→ **Material supplied**:

--*--

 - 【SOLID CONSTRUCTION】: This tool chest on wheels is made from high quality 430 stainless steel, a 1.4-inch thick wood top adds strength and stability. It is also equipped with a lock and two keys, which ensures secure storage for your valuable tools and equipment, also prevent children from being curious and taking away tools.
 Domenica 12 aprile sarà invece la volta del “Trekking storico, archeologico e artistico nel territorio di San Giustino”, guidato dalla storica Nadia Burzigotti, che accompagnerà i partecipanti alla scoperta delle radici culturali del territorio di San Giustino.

--*--

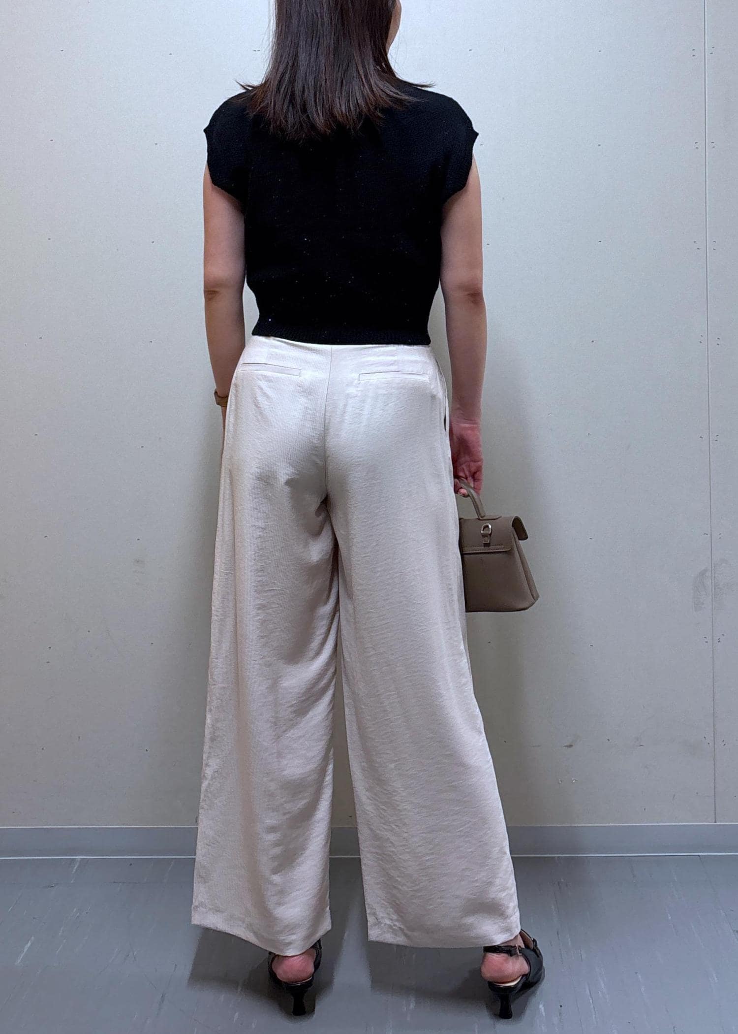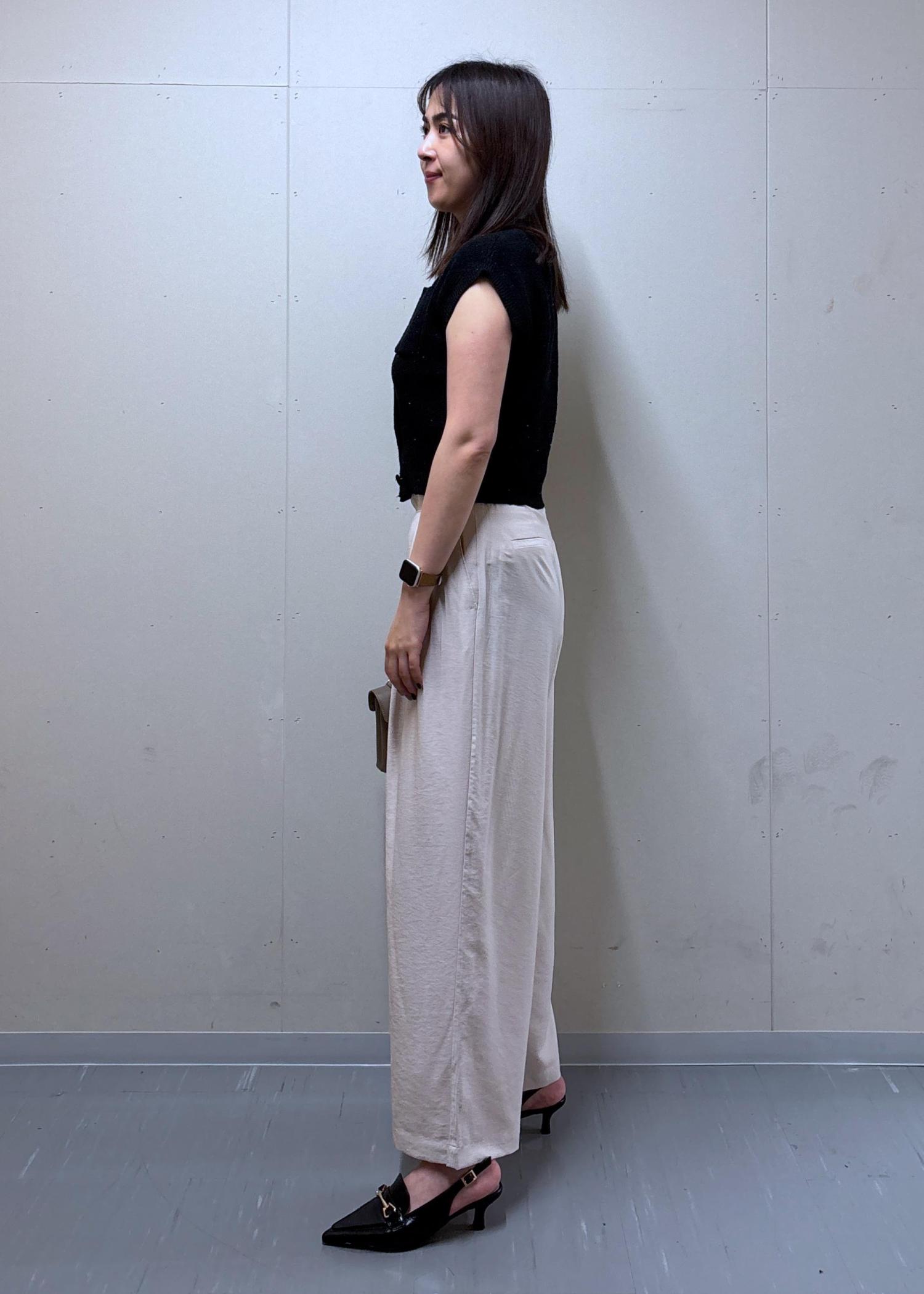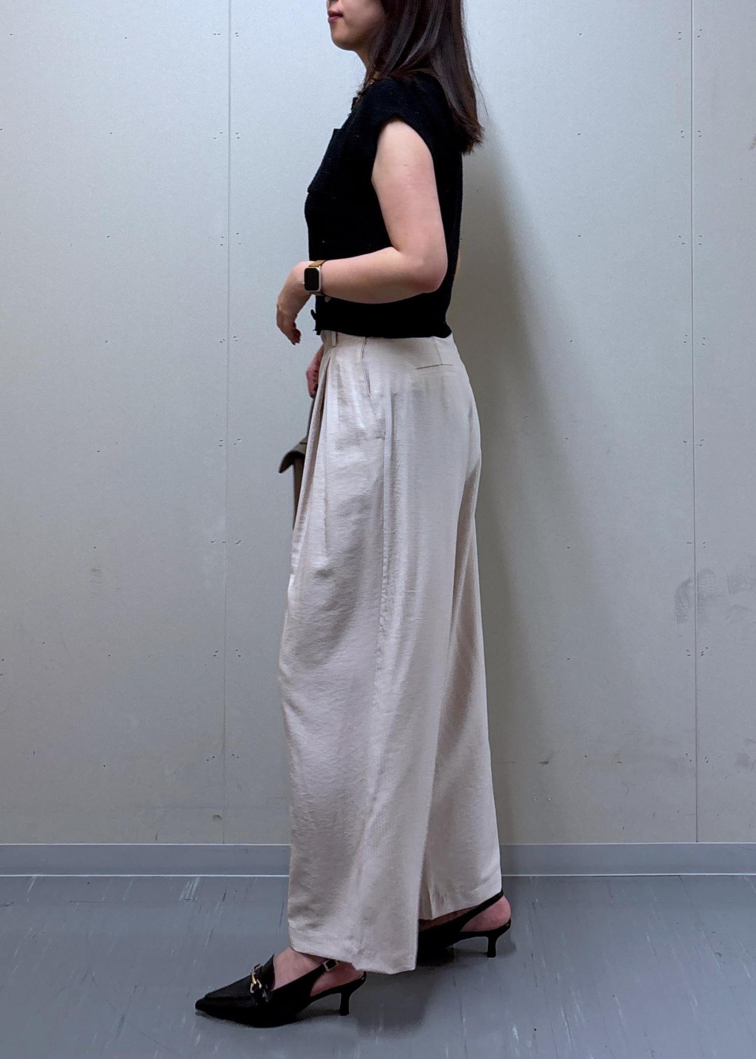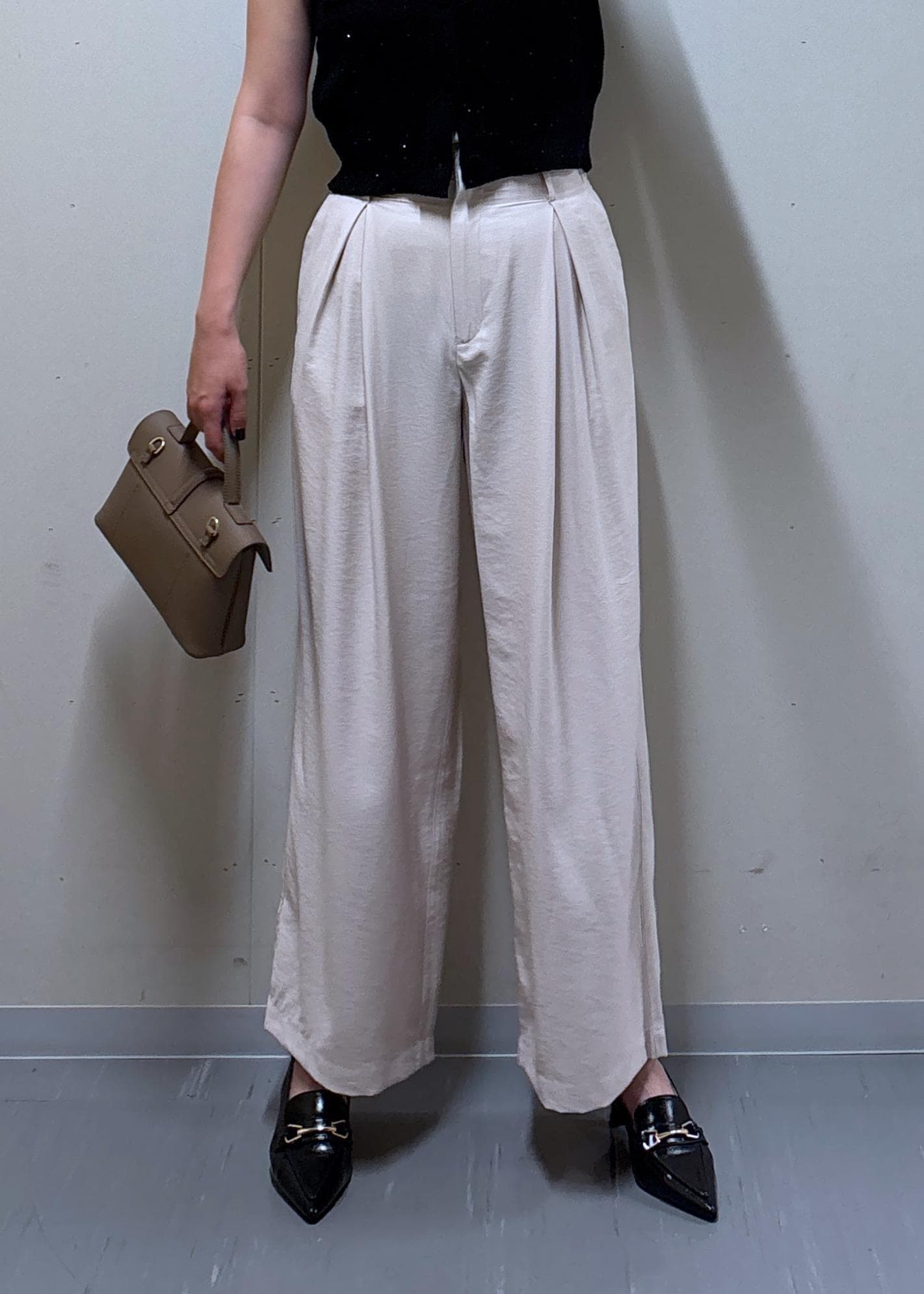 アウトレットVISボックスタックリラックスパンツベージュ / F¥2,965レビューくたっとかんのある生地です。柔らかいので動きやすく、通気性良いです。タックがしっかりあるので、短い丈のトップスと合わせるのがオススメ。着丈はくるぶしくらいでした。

--*--

→ **Aim of the task**: From the records above, transcribe without alteration every line from the one with "- 【SOLID CONSTRUCTION】: This" to the one with "Domenica 12 aprile", inclusive.

→ **Answer section**:
 - 【SOLID CONSTRUCTION】: This tool chest on wheels is made from high quality 430 stainless steel, a 1.4-inch thick wood top adds strength and stability. It is also equipped with a lock and two keys, which ensures secure storage for your valuable tools and equipment, also prevent children from being curious and taking away tools.
 Domenica 12 aprile sarà invece la volta del “Trekking storico, archeologico e artistico nel territorio di San Giustino”, guidato dalla storica Nadia Burzigotti, che accompagnerà i partecipanti alla scoperta delle radici culturali del territorio di San Giustino.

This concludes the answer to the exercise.